- Assignment -
Copy the entries without a single change. Pictures should be dropped.

Excerpts from a dataset
=== Section Start ===
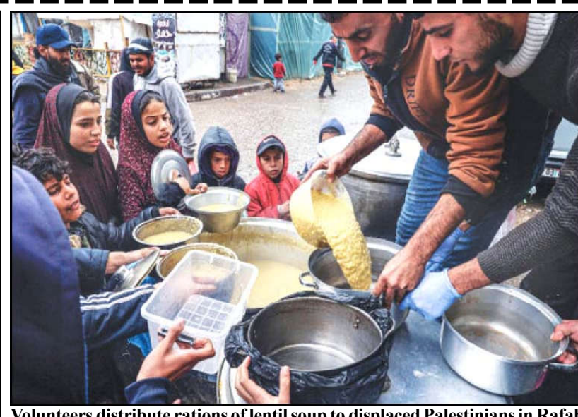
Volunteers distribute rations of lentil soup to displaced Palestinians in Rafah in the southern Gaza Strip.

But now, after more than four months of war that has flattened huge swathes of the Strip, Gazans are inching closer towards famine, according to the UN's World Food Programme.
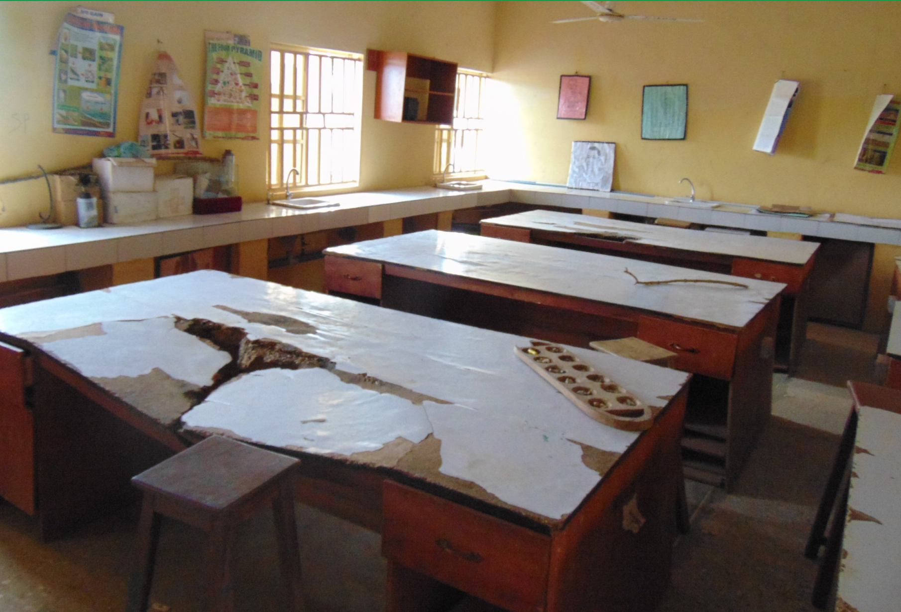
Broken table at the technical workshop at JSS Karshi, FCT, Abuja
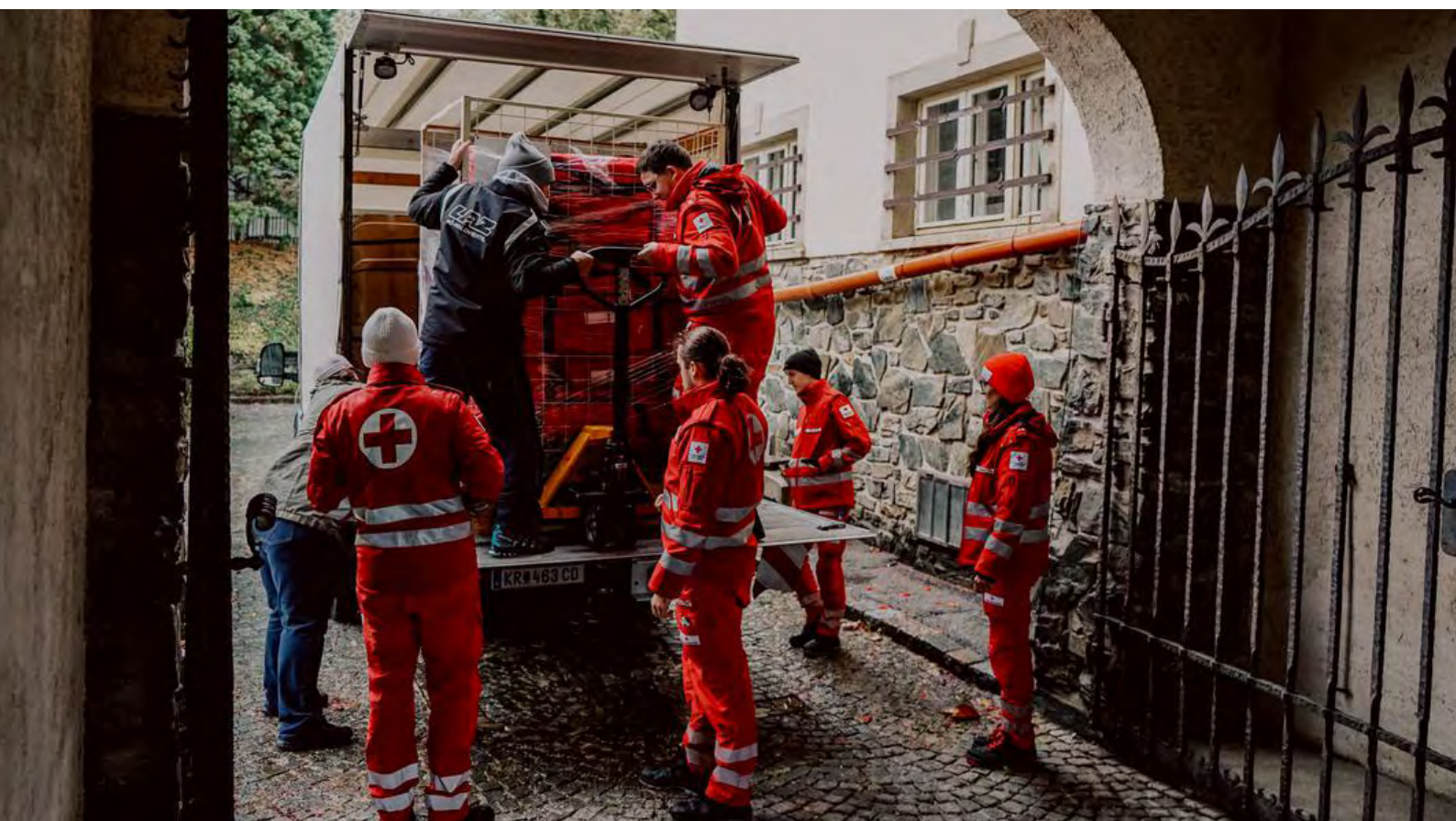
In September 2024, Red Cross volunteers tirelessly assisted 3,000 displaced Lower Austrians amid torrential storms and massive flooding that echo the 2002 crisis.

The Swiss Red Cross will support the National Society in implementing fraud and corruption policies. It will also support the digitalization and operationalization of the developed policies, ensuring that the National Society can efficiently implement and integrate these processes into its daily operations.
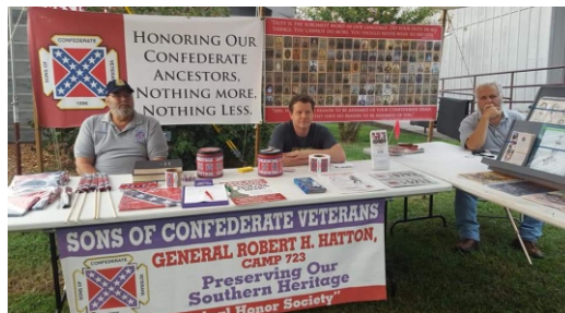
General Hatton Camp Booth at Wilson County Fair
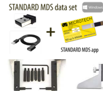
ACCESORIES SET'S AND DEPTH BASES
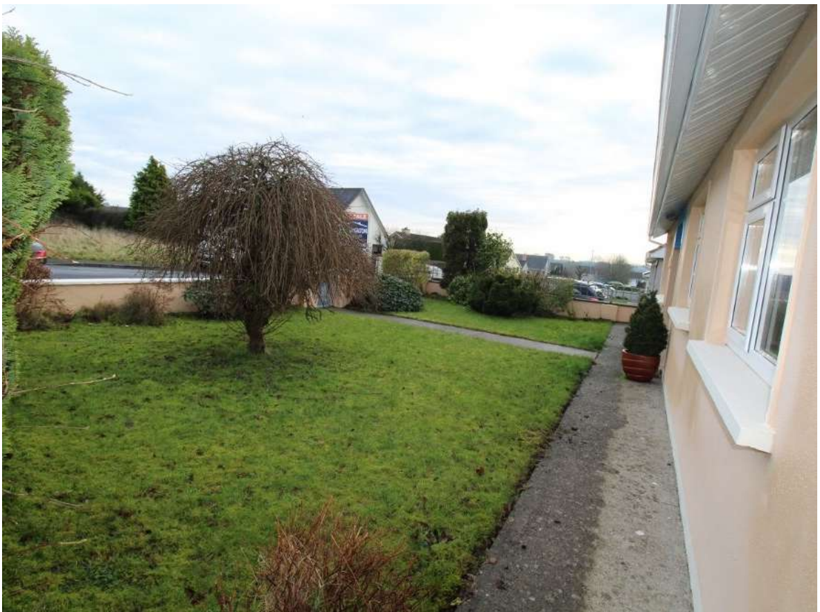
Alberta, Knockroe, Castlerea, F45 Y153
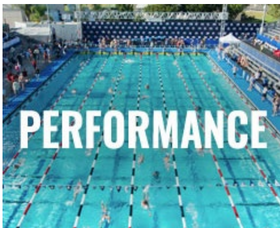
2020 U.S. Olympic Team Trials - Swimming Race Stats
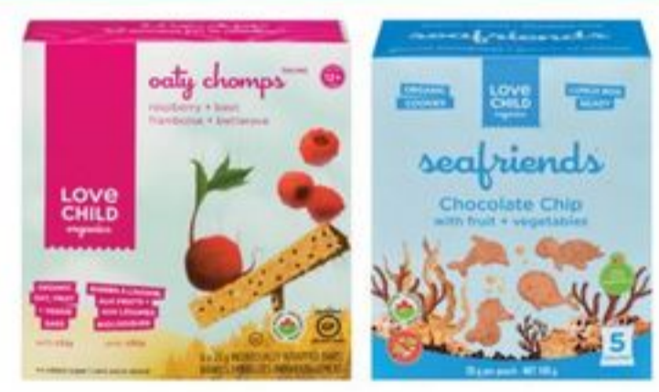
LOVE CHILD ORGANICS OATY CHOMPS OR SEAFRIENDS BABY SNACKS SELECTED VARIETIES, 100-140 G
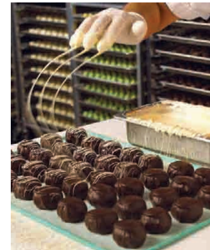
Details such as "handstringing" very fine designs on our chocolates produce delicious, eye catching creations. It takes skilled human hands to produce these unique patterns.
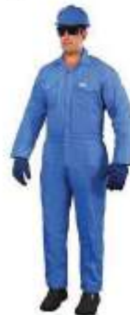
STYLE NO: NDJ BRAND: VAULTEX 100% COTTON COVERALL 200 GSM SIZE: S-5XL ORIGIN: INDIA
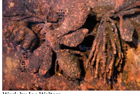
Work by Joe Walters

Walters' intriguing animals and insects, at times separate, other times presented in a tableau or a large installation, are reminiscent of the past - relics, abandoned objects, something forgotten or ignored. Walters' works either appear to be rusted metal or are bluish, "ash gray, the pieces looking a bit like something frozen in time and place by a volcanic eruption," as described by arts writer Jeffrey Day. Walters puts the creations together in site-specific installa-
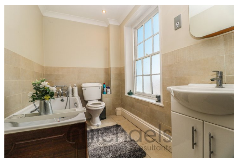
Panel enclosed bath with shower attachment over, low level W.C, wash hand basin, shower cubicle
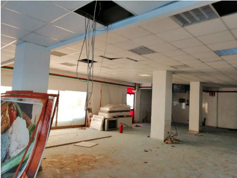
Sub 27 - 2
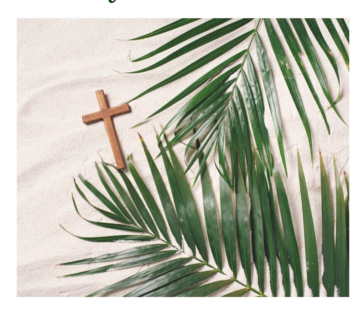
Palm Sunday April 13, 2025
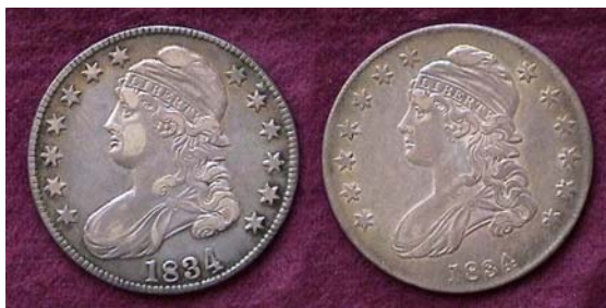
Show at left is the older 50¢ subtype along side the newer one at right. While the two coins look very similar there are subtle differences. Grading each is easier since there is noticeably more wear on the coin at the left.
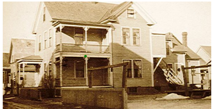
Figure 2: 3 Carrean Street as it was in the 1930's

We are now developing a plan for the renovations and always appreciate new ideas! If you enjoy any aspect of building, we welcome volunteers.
=== Section End ===
- Your solution -
Volunteers distribute rations of lentil soup to displaced Palestinians in Rafah in the southern Gaza Strip.

But now, after more than four months of war that has flattened huge swathes of the Strip, Gazans are inching closer towards famine, according to the UN's World Food Programme.
Broken table at the technical workshop at JSS Karshi, FCT, Abuja
In September 2024, Red Cross volunteers tirelessly assisted 3,000 displaced Lower Austrians amid torrential storms and massive flooding that echo the 2002 crisis.

The Swiss Red Cross will support the National Society in implementing fraud and corruption policies. It will also support the digitalization and operationalization of the developed policies, ensuring that the National Society can efficiently implement and integrate these processes into its daily operations.
General Hatton Camp Booth at Wilson County Fair
ACCESORIES SET'S AND DEPTH BASES
Alberta, Knockroe, Castlerea, F45 Y153
2020 U.S. Olympic Team Trials - Swimming Race Stats
LOVE CHILD ORGANICS OATY CHOMPS OR SEAFRIENDS BABY SNACKS SELECTED VARIETIES, 100-140 G
Details such as "handstringing" very fine designs on our chocolates produce delicious, eye catching creations. It takes skilled human hands to produce these unique patterns.
STYLE NO: NDJ BRAND: VAULTEX 100% COTTON COVERALL 200 GSM SIZE: S-5XL ORIGIN: INDIA
Work by Joe Walters

Walters' intriguing animals and insects, at times separate, other times presented in a tableau or a large installation, are reminiscent of the past - relics, abandoned objects, something forgotten or ignored. Walters' works either appear to be rusted metal or are bluish, "ash gray, the pieces looking a bit like something frozen in time and place by a volcanic eruption," as described by arts writer Jeffrey Day. Walters puts the creations together in site-specific installa-
Panel enclosed bath with shower attachment over, low level W.C, wash hand basin, shower cubicle
Sub 27 - 2
Palm Sunday April 13, 2025
Show at left is the older 50¢ subtype along side the newer one at right. While the two coins look very similar there are subtle differences. Grading each is easier since there is noticeably more wear on the coin at the left.
Figure 2: 3 Carrean Street as it was in the 1930's

We are now developing a plan for the renovations and always appreciate new ideas! If you enjoy any aspect of building, we welcome volunteers.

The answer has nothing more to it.